Furthermore, the appropriateness of erosion concepts commonly employed in model structures is still questionable [74]. Despite the fact that physical processes of detachment, transport, and deposition in overland flow are well recognized and have been widely incorporated within erosion models, the experimental procedures to test conditions when processes are occurring concurrently have only recently been developed [75]. Our initiative of using machine learning approaches therefore proves to be a promising alternative for erosion prediction in which it overcomes obstacles in parameterization, calibration, and validation processes that are often considered to be the main difficulties while applying conventional models.

5. Conclusion

This study evaluated performances of five machine learning algorithms, namely, FKNN, ANN, SVM, LSSVM, and RVM, using a historical dataset collected in tropical slopping fields featured by ten soil erosion conditioning factors. Experimental results supported by the Wilcoxon signed-rank test pointed out that RVM was deemed best suited for the problem at hand. The RVM model achieved the best performance in the testing phase (CAR = 91.94% and AUC = 0.97). Four other learning algorithms also demonstrated good performance as indicated by their CAR values surpassing 80% and AUC values greater than 0.9. Thus, these results strongly confirm the efficacy of applying machine intelligence for solving the problem of interest. Furthermore, RVM can be a very promising tool to assist landowners and managers to quickly identify potential soil erosion areas and develop preventive measures. The reasons for the good performance of RVM may lie in the fact that this model utilizes Bayesian inference to obtain parsimonious solutions the soil erosion prediction problem in this study which is modeled as a pattern classification task. The employed Bayesian inference of RVM can help to result in a robust classification model which features a small number of support vectors. Therefore, the decision boundary constructed by such support vectors has good generalization property and resilience to noise. These facts explain why predictive accuracy of RVM is better than those obtained from other machine learning models.

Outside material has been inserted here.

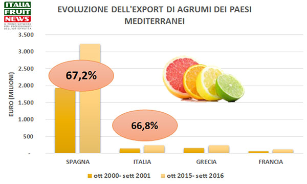 In Europa, a farla da padrone, sono le esportazioni della Spagna, che ha movimentato 3.2 miliardi di euro in agrumi nell'annata 2015-2016 (+67% rispetto al 2000-2001), seguita molto da lontano, dall'Italia (234 milioni di export), dalla Grecia (232 milioni) e dalla Francia (116 milioni).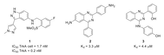 A structure-based virtual screening with homology-modeled protein structure has been used to identify new TrkA inhibitors such as quinazolines 2 and 3 (Figure 1) [].

Future extensions of the current works may include the following:(i)Investigation of the capabilities of other advanced machine learning models (such as tree ensemble, functional tree, gradient boosted regression tree, stochastic gradient tree boost, alternating decision tree, logistic model tree, boosted regression trees, random forest, and naive Bayes variants) in soil erosion prediction(ii)Collection of more data samples to increase the current data size and therefore enhance the generalization as well as applicability of the current data-driven models(iii)Investigation of other influencing factors of soil erosion to ameliorate the explicability of the current study

Data Availability

The data used to support the findings of this study are available from the corresponding author upon request.

Conflicts of Interest

The authors declare that they have no conflicts of interest.

Acknowledgments

This research was funded by the Vietnam National Foundation for Science and Technology Development (NAFOSTED) under grant number 105.08-2017.302.